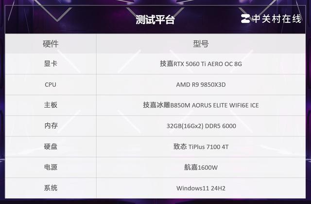 先容一下测试平台,为了保险技嘉RTX 5060 Ti AERO OC 8G显卡的性能阐扬,咱们使用了AMD R9 9850X3D搭配技嘉冰雕B850M AORUS ELITE WIFI6EICE主板。
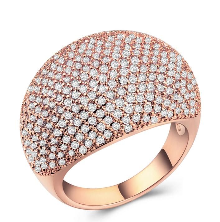Diamant Accent Dome Bague Fine Polish Full Pave Zircon Cubique Grandes Femmes Creuses Bague De Mariage Bague De Declaration
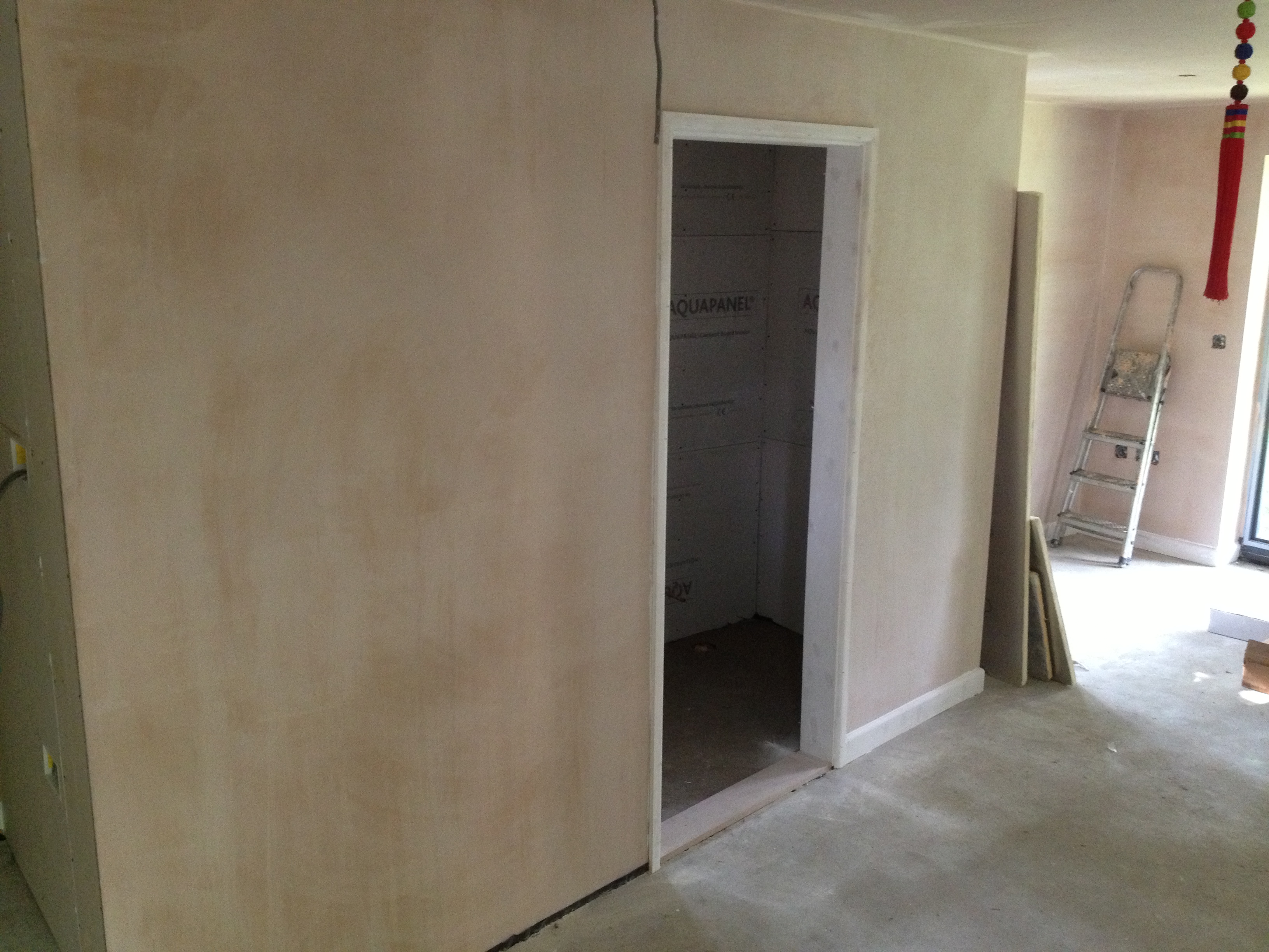 By this stage, the electrician and plumber had been called in to do the first fix, of wiring and piping. This of course has to be done before plasterboarding the internal walls and ceilings and screeding the ground floor. (The screed was laid on top of a layer of Celotex insulation).
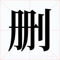 (会意。从刀从册。册是简册,把若干竹简编穿在一起叫“册”。简册的内容有问题,就用刀除掉,所以从“刀”。本义:削除)
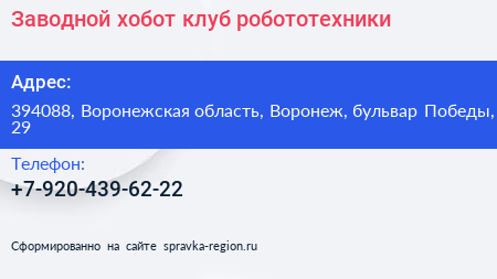 Заводной хобот, клуб робототехники по адресу 394088, Воронежская область, Воронеж, бульвар Победы, 29 в дальнейшем Организация, размещена в следующих категориях:
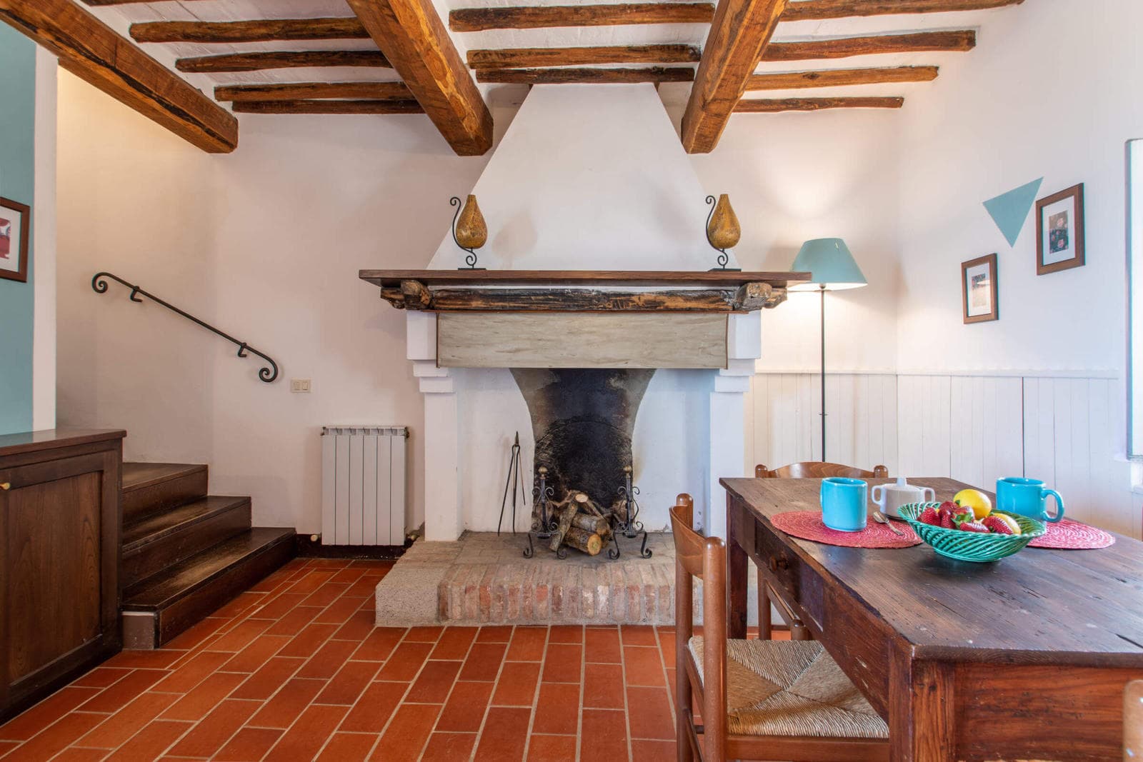 The entrance is straight into a living room with a fireplace, a galley kitchen is tucked under the stairs and has a window with views out over towards Lake Trasimeno. A staircase leads up to the upper floor where you'll find a double bedroom and a twin which both share a bathroom.
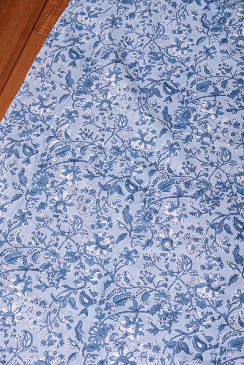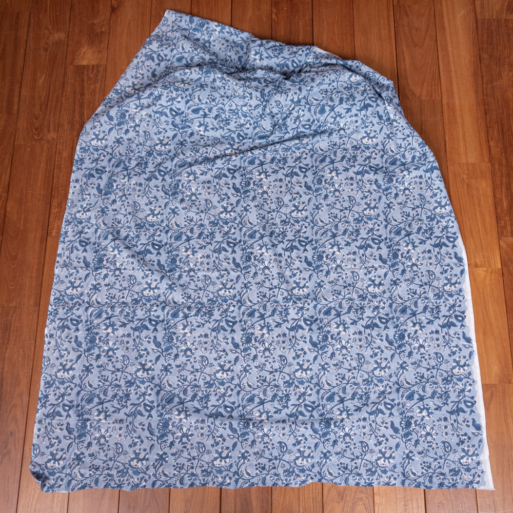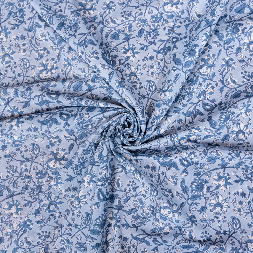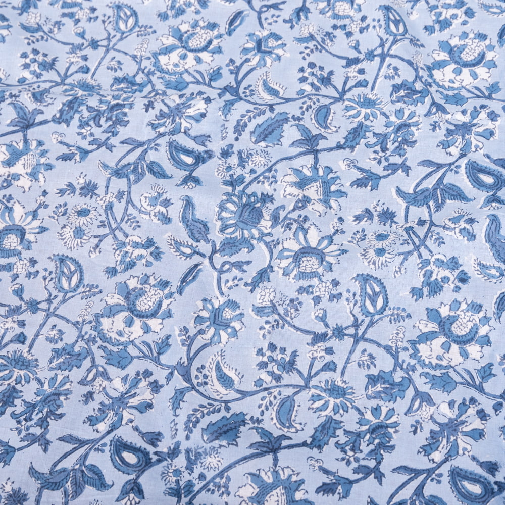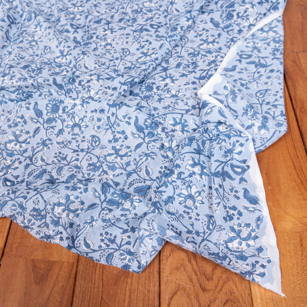 〔1m単位切り売り〕ジャイプル 職人手作り木版染め 色彩美しいボタニカルデザイン おしゃれ 生地 花柄 テーブルクロス 刺繍素材などへ〔幅約110cm〕 - ブルー系 x 5個
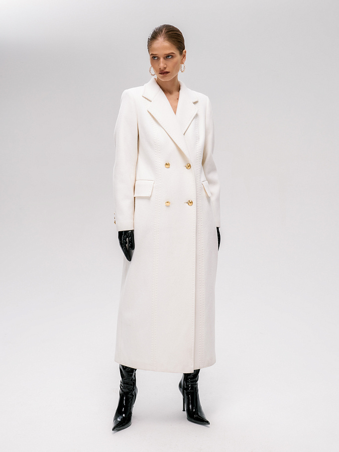 Если под венец ты планируешь пойти в сдержанном платье без пышной юбки и ансамбля рюш и кружева, мы советуем утеплиться с помощью длинного белого пальто (желательно с акцентными золотыми пуговицами). Образ можно дополнить высокими сапогами, которые потом сменить на туфли на платформе.
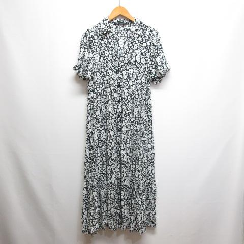 【中古】ザラ ZARA 花柄 半袖 マキシ シャツ ワンピース XS 黒 ブラック レディース
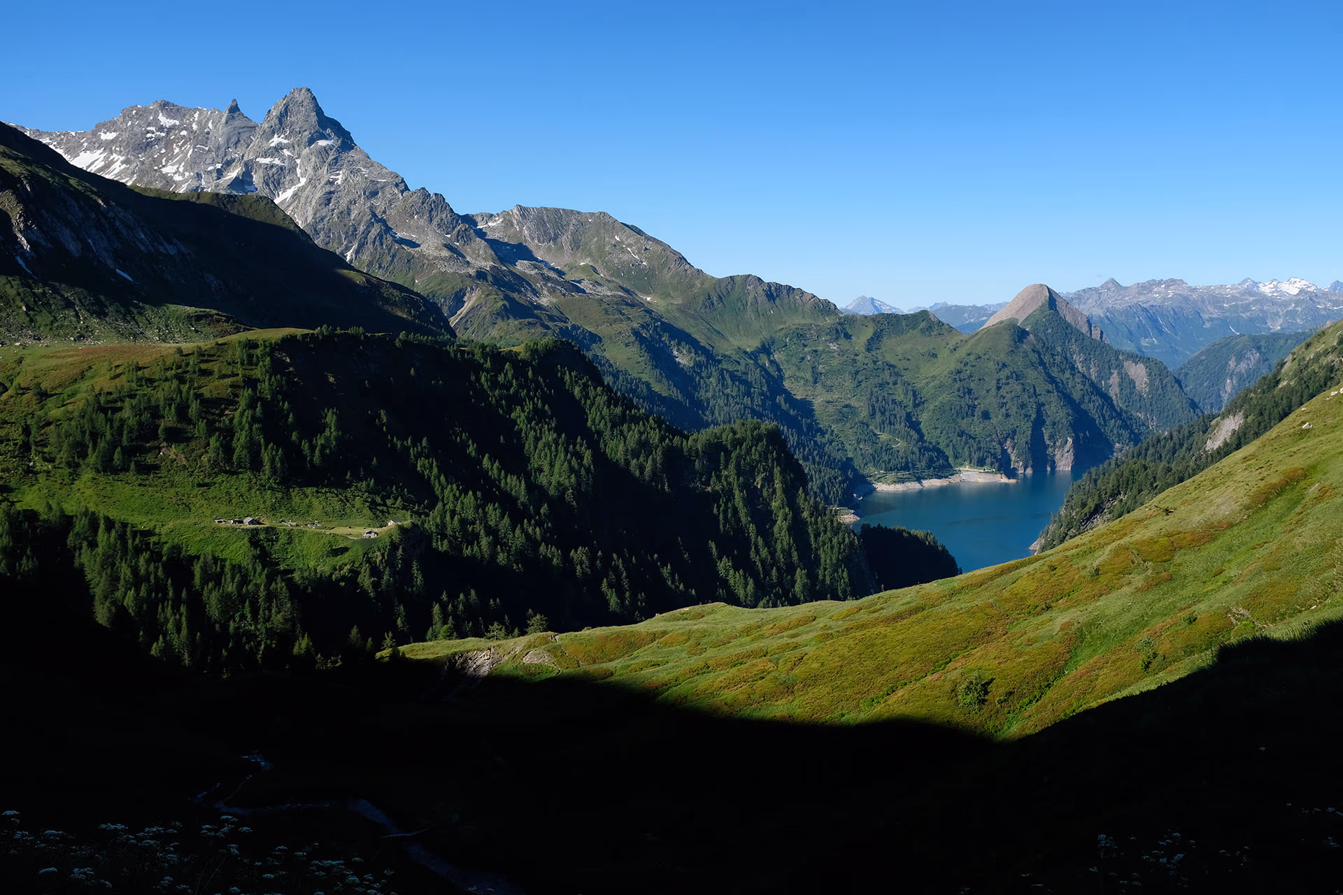 Avere visto la sua bella piramide dalla Cima della Bianca e volerlo salire è stato un tutt’uno. Così ritorniamo nella bella Valle di Blenio fino a lasciare l’auto all’Alpe Garzott, quota 1628m, dopo aver attraversato il culmine della diga del lago del Luzzone e lasciato a destra la deviazione per la Val Carassina con il suo itinerario per l’Adula.
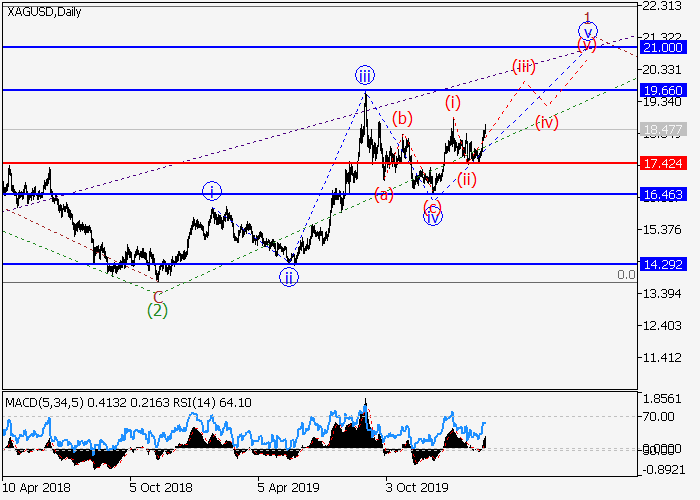 日线图中,(3)的较高水平1的第一波已形成,其中1的波v开始发展。目前,v的较低水平(i)的第一进入波已形成,v的波(ii)为已结束的局部修正。如果假设正确,价格将升至19.66–21.00。该情况的关键止损水平为17.42。
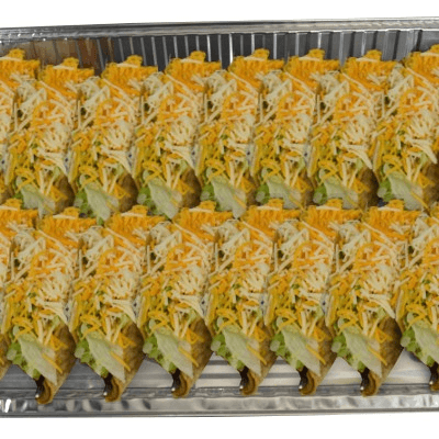 20 enchiladas with choice of meat. Topped covered with our homemade enchilada sauce and cheese. Choose ground beef, chicken tinga, cheese or bean
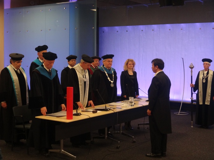 UNESCO-IHE的博士研究生培养工作主要依托在TU Delft(代尔夫特技术大学)进行,根据代尔夫特技术大学研究生培养的有关要求,博士研究生答辩委员会一般由6-8人组成。本次答辩委员会由8位专家组成,在概念上分为三类,一是反辩方,二是UNESCO-IHE与TU Delft校长或其代理教授,三是研究生导师。反辩方由4位专家组成,答辩时是提问的主力军,提问占用的时间最长,但每人原则上不超过12分钟。4位专家的作用是要用带有攻击性和反驳性的姿态向博士生发问,考察其学术水平、应变能力和思考回答问题的能力。坐在四位专家对面的另外4位专家,由学校校长或其专门委托的教授(主持答辩会,即Chairman)和学生的指导教师组成。答辩委员会主席(Chairman)一般不提问,只主持答辩。4位反辩方专家分别是来自UNESCO-IHE与TU Delft的van der Zaag和Stelling教授,校外的两位专家分别是英国Swansea大学副校长Ian Cluckie教授和我院徐宗学教授。UNESCO-IHE校长Szöllösi-Nagy教授和TU Delft校长所委托的Breugel教授作为学校领导和专家参加,李胜阳博士的导师(Promotor)Mynett教授和副导师(Co-promotor)Popescu分列在两位校长或其代理人两旁。
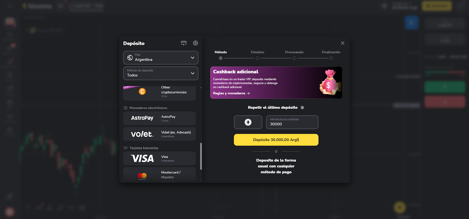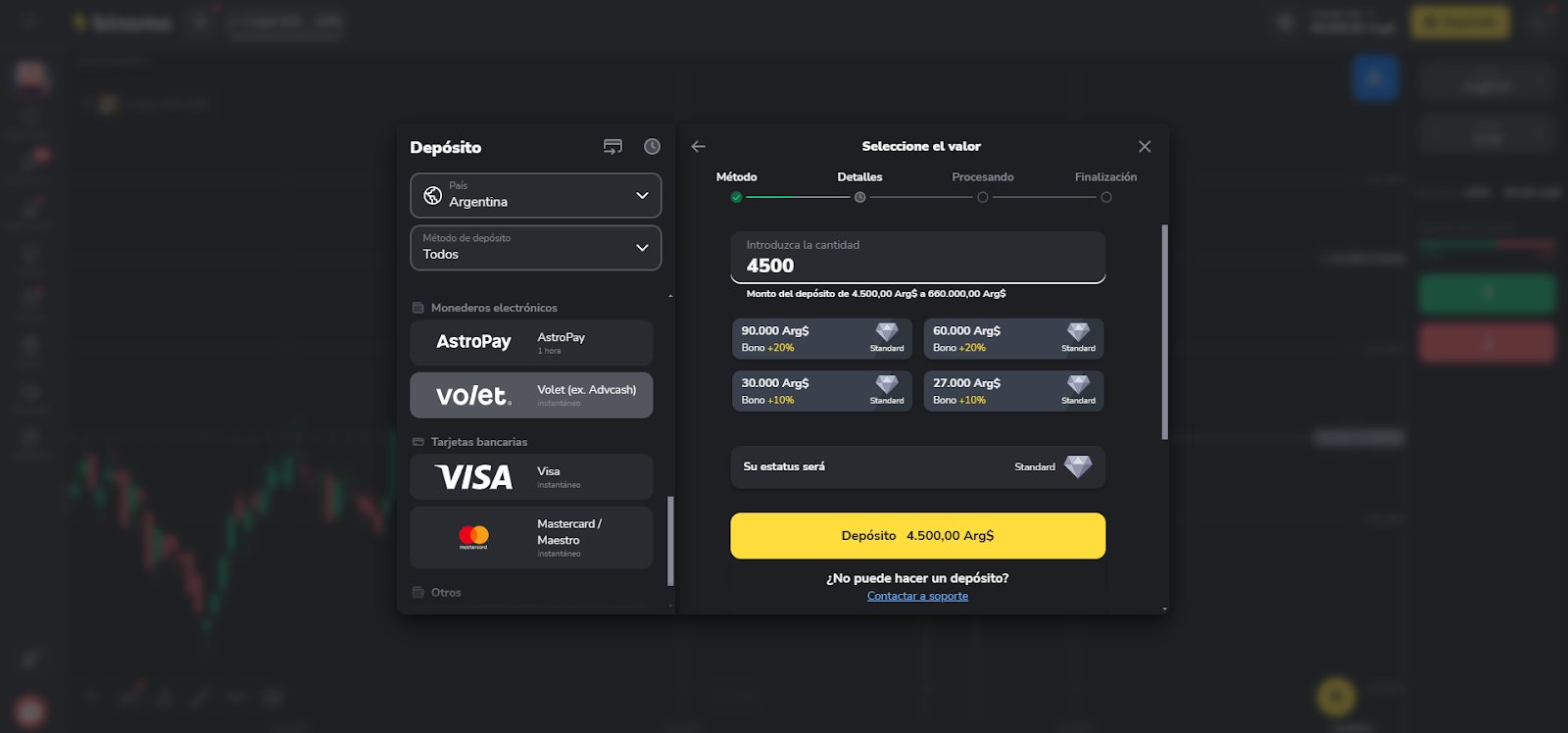 PASO 4: Ingrese el monto mínimo de depósito (4.500 ARS) y haga clic en el botón amarillo "Depósito 4.500,00 Arg$".
----------------
Both boundary lines included, write out word for word only the lines above from the one containing "Diamant Accent Dome" to the one containing "By this stage, the", leaving out any pictures.

Diamant Accent Dome Bague Fine Polish Full Pave Zircon Cubique Grandes Femmes Creuses Bague De Mariage Bague De Declaration
 By this stage, the electrician and plumber had been called in to do the first fix, of wiring and piping. This of course has to be done before plasterboarding the internal walls and ceilings and screeding the ground floor. (The screed was laid on top of a layer of Celotex insulation).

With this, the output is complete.